Beyond the Caricature: Cultural Jewishness in the Third Movement of Mahler's First Symphony

Benjamin Adler


Over the past century, Mahler’s music has been received as “Jewish” in fulfilment of so great a range of hermeneutic biases that he has attained the status of “Jewish paragon” in the western canon. As a corollary of this reception history, the literature has simplified the tasks of recognising and analysing the Jewishness in the music itself. This is evident in three of four avenues of inquiry – dubbed “biographical,” “musical,” and “paratextual” – which dominate the discourse, and which have led to the construction of reductionist caricatures. A fourth avenue reads interdisciplinary cultural tropes in Mahler’s music, and in doing so is the only lens that demonstrates an appreciation of the rich and complex Jewish civilisation. Yet scholars have been hesitant to train this lens on Mahler’s most emblematically “Jewish” work – the third movement (Trauermarsch) of the First Symphony.
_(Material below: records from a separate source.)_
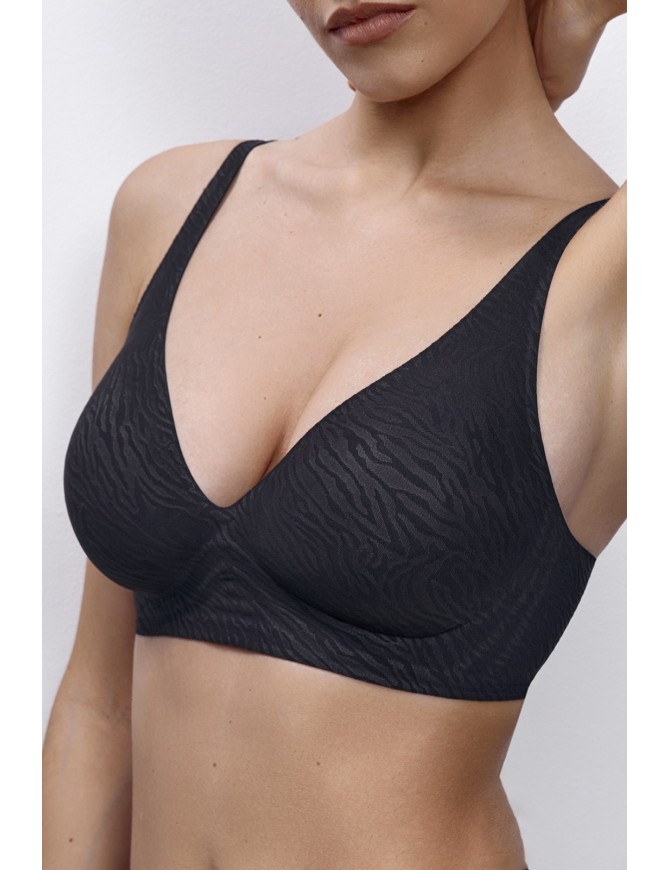 Бесшовный бюстгальтер из микрофибры с выраженной зоной декольте. Силиконовые вставки выполняют функции косточек.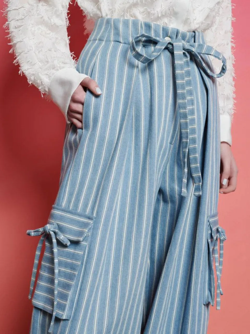 Stride Into Spring With The Cleo Cargo Trousers, A Harmonious Blend Of Utility And Style. These Trousers Reimagine The Classic Cargo In A Striking Stripe Denim Fabric, Making Them A Standout Addition To Your Wardrobe Essentials. Denim And Stripes Come Together To Create A Spring Must-Have That’S As Versatile As It Is Fashionable. The Cleo Trousers Are A Testament To The Joy Of Dressing Up, Effortlessly Elevating The Everyday With A Nod To Nautical Vibes And The Endless Possibilities Of Spring.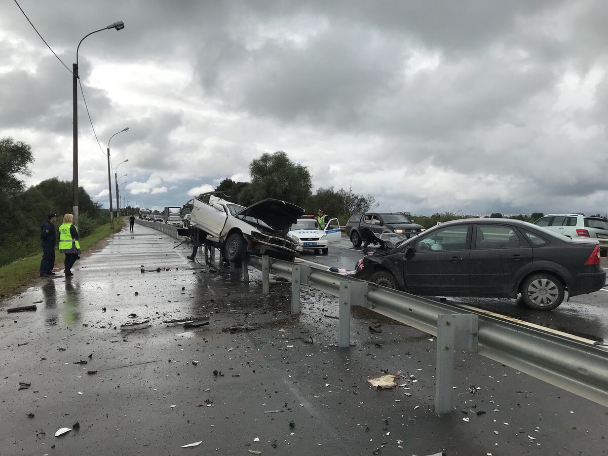 Авария со смертельным исходом произошла сегодня днём на подъездной к Великому Новгороду за Синим мостом. Как сообщили в главном управлении МЧС по Новгородской области, столкнулись автомобили «Форд» и «Тойота». Японскую иномарку отбросило на ограждения. Её водитель погиб. Находившегося за рулём «Форда» мужчину с травмами доставила в больницу «скорая помощь». Обстоятельства случившегося уточняются. Все публикации «Пароход Онлайн» – на сайте издания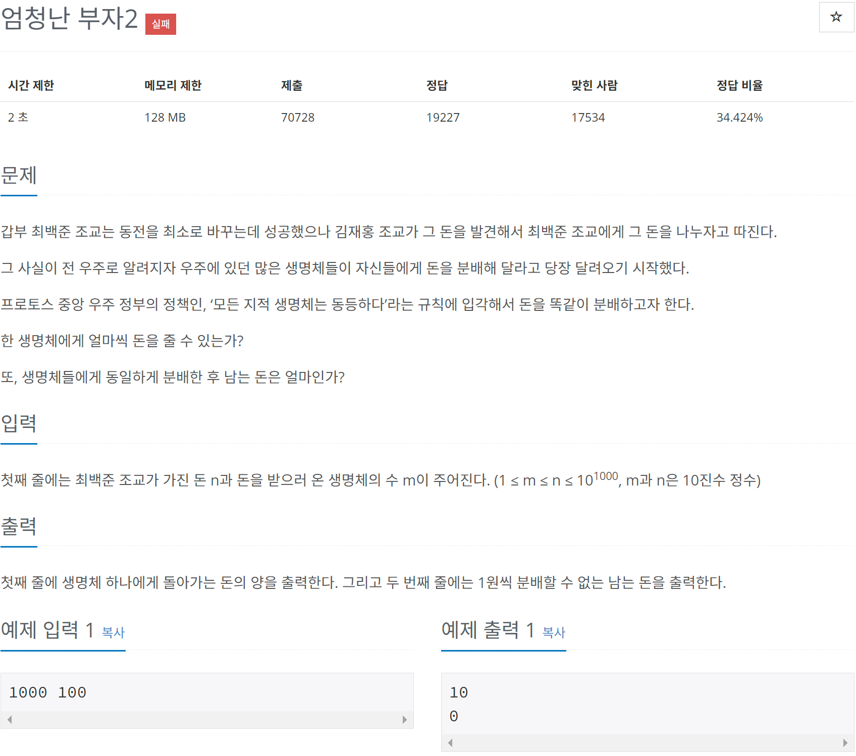 10^1000 을 표현할 정수 형태를 모르는게 틀린 원인 ..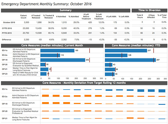 At the top of the dashboard is a table of summary performance metrics (number of patients seen and treated; time in diversion due to ED Overload) for the current month vs. current and previous years, and change over time. The middle bar charts provide the Director with the current month and YTD performance compared to targets for the metrics often tied to third-party, value- based (pay-for-performance) reimbursement. The deviation graphs at the bottom of the dashboard provide context for monthly performance compared to targets trended over time.

This article aims to fill this gap by identifying and extending three elements of Jewish culture – self-commentary, homelessness and irony – and applying them to a close analysis of the Trauermarsch. (I note that while these tropes are not exclusively Jewish, they are celebrated as such within Jewish communities.) Consequently, I hope to complexify our reception of Jewishness in the Traueramarsch, and throughout Mahler’s oeuvre and western art music, by ascribing the discussion a more pluralistic, dialectical character.